The HMS Defender incident on June 23, 2021 was partly born of this legal prevarication. The British warship Defender – whose position had previously been spoofed to indicate it was at the mouth of the naval base in Sevastopol when in fact it was in port in Odessa – was transiting Crimea toward the eastern Black Sea when Russia used both surface vessels and aircraft to confront it and order it to leave. Such a demand is incompatible with the law of innocent passage and thus inconsistent with Russia’s assertion that Crimea is actually Russian territory.

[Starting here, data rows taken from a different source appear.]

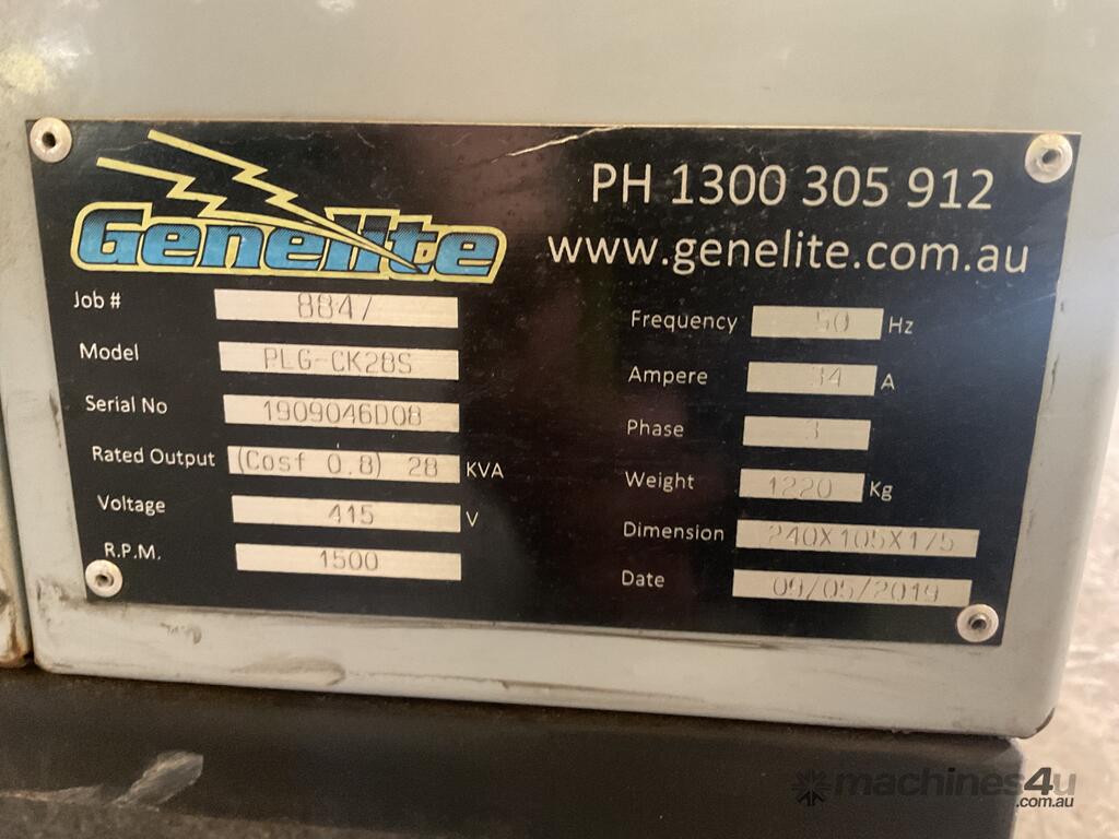 05/2019 415v PLG-CK28S 3 Phase Genelite Genset,Dimensions Approx - 2400mm (L) x 1000mm (W) x 1750mm (H), Hours Showing - 900, Fitted With - Emergency Stop Button, Battery Isolator & Tyne Pockets, Used/General Wear & Tear, Working When Tested,Serial No: 1909046D08
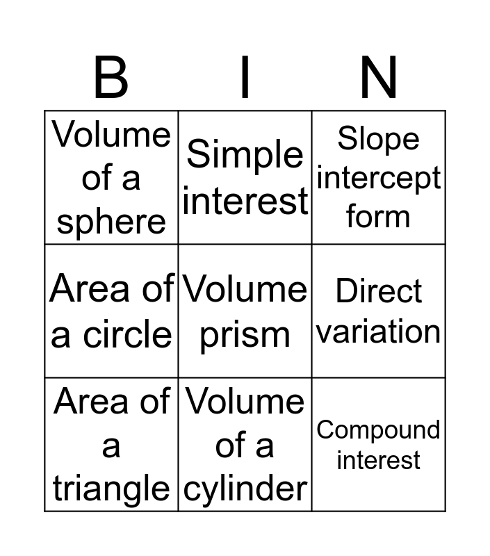 This bingo card has 9 words: Area of a triangle, Slope intercept form, Simple interest, Area of a circle, Volume of a sphere, Direct variation, Volume prism, Compound interest and Volume of a cylinder.
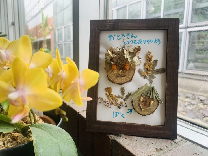 나무와 말린 꽃, 잎을 사용하여 "아빠의 얼굴"을 만들어 봅시다! 소재의 파트를 몇 개 준비해 두므로, 나무나 드라이 소재와 접촉하면서, 재료를 즐겁게 선택할 수 있습니다.
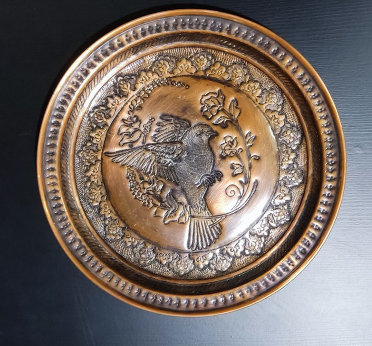 سینی مسی طرح بلبل، قلمزنی تمام کار دست میباشد. قطر ۳۱ سانت، روکش نانو، مس ضخیم به وزن ۹۳۰ گرم
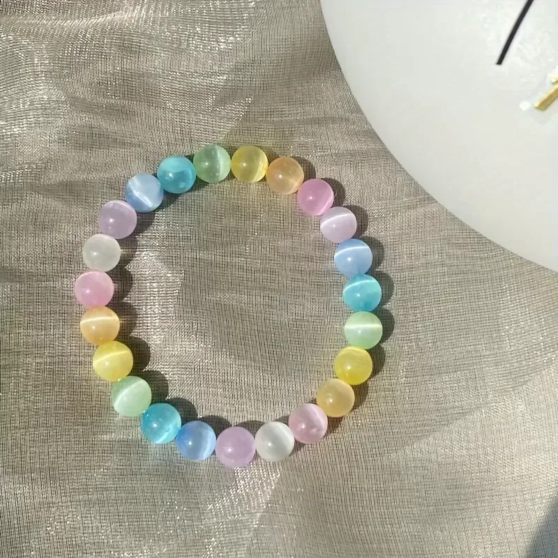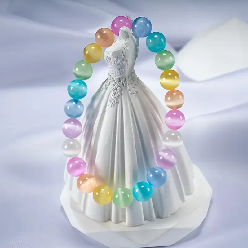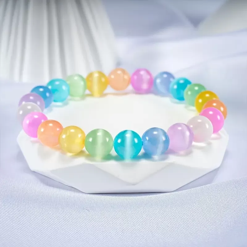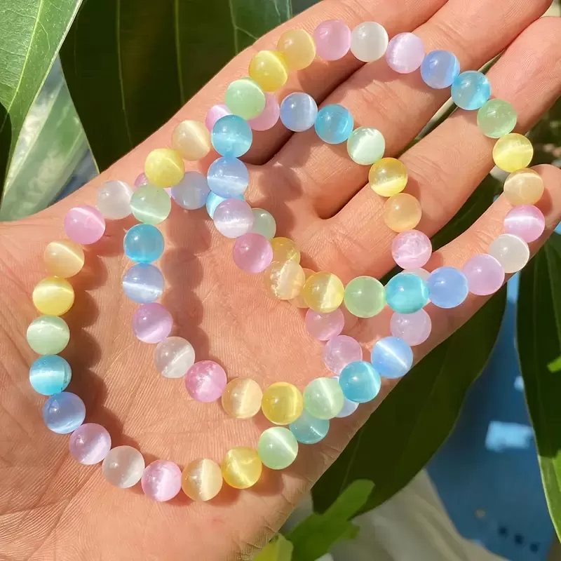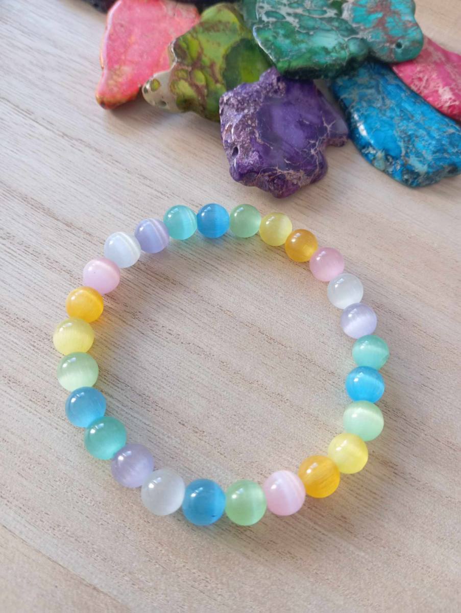 V vsaki mavrici se skriva čarobnost. Je simbol upanja, preobrazbe in lepote, ki pride po nevihti. Tako kot mavrica povezuje nebo in zemljo, tudi ta zapestnica združuje svetlobo, energijo in skrite odseve mačjega očesa. Njeni nežni, pastelni odtenki ustvarjajo igro svetlobe, ki se spreminja z vsakim gibom in kotom pogleda – prav tako, kot se spreminjamo mi skozi izkušnje življenja.
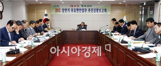 전남 보성군(군수 정종해)이 23일 군청 소회의실에서 각 실과소별 2013년도 상반기 현안업무 추진상황 보고회를 가졌다. 이번 보고회는 주요 현안 71개 사업 추진에 따른 문제점과 대책, 사업 추진 과정에서 어려움이 있거나 부진한 사업, 군민 관심사업, 대규모 추진사업 등을 함께 논의하며 해결 방안을 모색해 보는 시간이 됐다. 특히 기획예산실 주요 현안사업인 '인구 5만 회복 운동'을 적극 추진하기 위해서는 공무원뿐만 아니라 관내 기관단체 임직원, 기업체 근무자들의 '내 직장, 내 고향 주소 갖기' 참여가 중요하므로 그에 따른 전입을 유도하는 방안을 모색했다. 또한 문화관광과 현안사업 보고에서는 문화예술회관 건립과 서편제 보성소리 테마파크, 관광녹차 생태공원 조성, 율포해수욕장 관광지 개발사업 등 현재 추진되고 있는 대규모 사업에 대한 심도 있는 토론으로 사업 추진이 탄력을 받을 것으로 기대된다. 비봉농어촌 테마공원 조성사업에 대하여는 공룡공원 및 리조트, 선소낚시공원 조성사업등과 연계하여 또 하나의 관광단지를 생성하여 체류형 관광지가 될 수 있도록 사업추진에 만전을 다하기로 했다. 정종해 보성군수는 현안 업무보고를 통해 직원들의 노고를 격려하면서 “사업의 설계부터 꼼꼼히 검토하여 예산 낭비가 되지 않도록 하고, 사업 성격에 맞는 콘텐츠를 발굴하여 관광객을 끌어들이고, 시설물 운영활성화에 적극 노력하자“고 강조했다. 아울러 “공무원의 끊임없는 노력과 생각이 주민의 삶의 질 향상과 직결되어 있다”면서 ”부서장을 중심으로 역량을 집중시켜 풍요로운 보성, 1등 보성을 건설하자“며 공직자 모두가 최선을 다해 줄 것을 당부했다.노해섭 기자 nogary@<ⓒ세계를 보는 창 경제를 보는 눈, 아시아경제(www.asiae.co.kr) 무단전재 배포금지>
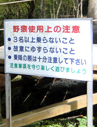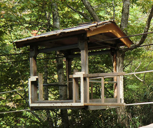 女橋から遊歩道をさらに進んで行くと、川を渡るための宙に浮く乗り物発見。野猿という、手でロープを引いて動かす人力ロープウェイ。実際に乗って川を渡ることが出来るので早速チャレンジ。野猿は真ん中辺りで止っていたので、ロープを引いてこちらの乗り場に着ける。それから野猿に乗り込み出入り口の引き戸を閉める。そしてロープを引いて対岸へ移動。これは面白い! |
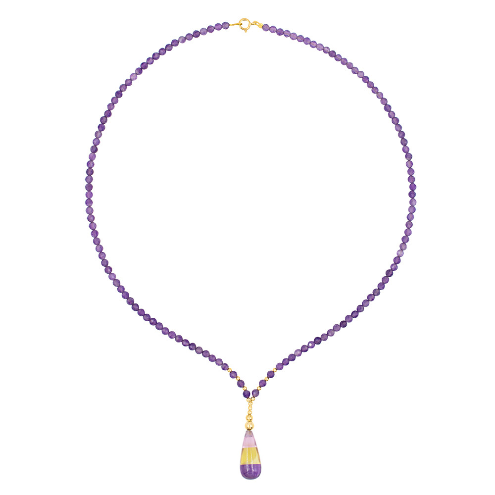 • Ένα υπέροχο κολιέ με στρόγγυλο φασεταρισμένο ημιπολύτιμο λίθο Amethyst διαμέτρου 4 χιλιοστών.

So this claim about mines that have broken lose in a storm being a violation of a Convention to which neither of the belligerent states is a party needs to be viewed against the wider backdrop of Russian illegal activity. It is important to remember that Russia has been violating international law continuously since the 24th of February with an aggressive war in contravention of article 2(4) of the United Nations Charter. Furthermore, in the Black Sea and Sea of Azov, Russia has proceeded to violate various laws throughout many of its naval actions. Even just looking at the most high-profile naval incidents shines a light on the extent to which Russia can only be considered a hypocrite when accusing other states of legal violations.
Russian Hypocrisy: Violations of the Law
Since the invasion on February 24, only a few maritime incidents have garnered significant external attention. The inspiring resolve of the Ukrainian Border Guard forces facing down a Russian warship on Snake Island was probably the most visible, and the loss of a Ukrainian warship that previously served as a U.S. Coast Guard Cutter far less so. A closer look at each incident would reveal a Russian proclivity for bending, breaking, and bastardizing the law. While the catalogue of Russian legal violations is long and growing, it is interesting that just focusing on these two highly publicized incidents shows just how hypocritical Russia’s claims about the submarine mines are.
In the Snake Island incident, the Russians not only took the Ukrainian Border Guard as prisoners of war, but also captured the crew of a civilian search and rescue (SAR) vessel and are also holding them as prisoners of war. The Border Guard, which falls under the command of the Ukrainian Navy in wartime, are, per se, combatants under international humanitarian law and the law of armed conflict. The situation with the SAR vessel, however, is legally problematic for the Russians. Under article 27 of the Second Geneva Convention, SAR vessels are afforded the same protections as hospital ships, as set out in article 22 of that Convention. While article 22 requires a 10-day notification to the belligerent party (i.e. from Ukraine to Russia) about the use of a ship as either a hospital ship or in this case a SAR vessel, the incident occurred fewer than 10 days into the conflict. Given however that the vessel was used as a SAR vessel prior to the outbreak of the conflict and is actually labeled as a “SAR” vessel, the Russians would be deemed to be on notice. Furthermore, article 18 of the Convention requires belligerents to “without delay, take all possible measures to search for and collect the shipwrecked, wounded and sick, to protect them against pillage and ill-treatment, to ensure their adequate care, and to search for the dead and prevent their being despoiled.” Taking the civilian SAR crew as prisoners of war, therefore, is a violation of the law – a part of the story that has not garnered much attention, but that shines a light on Russia’s seeming disregard for civilian protections at sea almost as much as its disregard for civilian life on land.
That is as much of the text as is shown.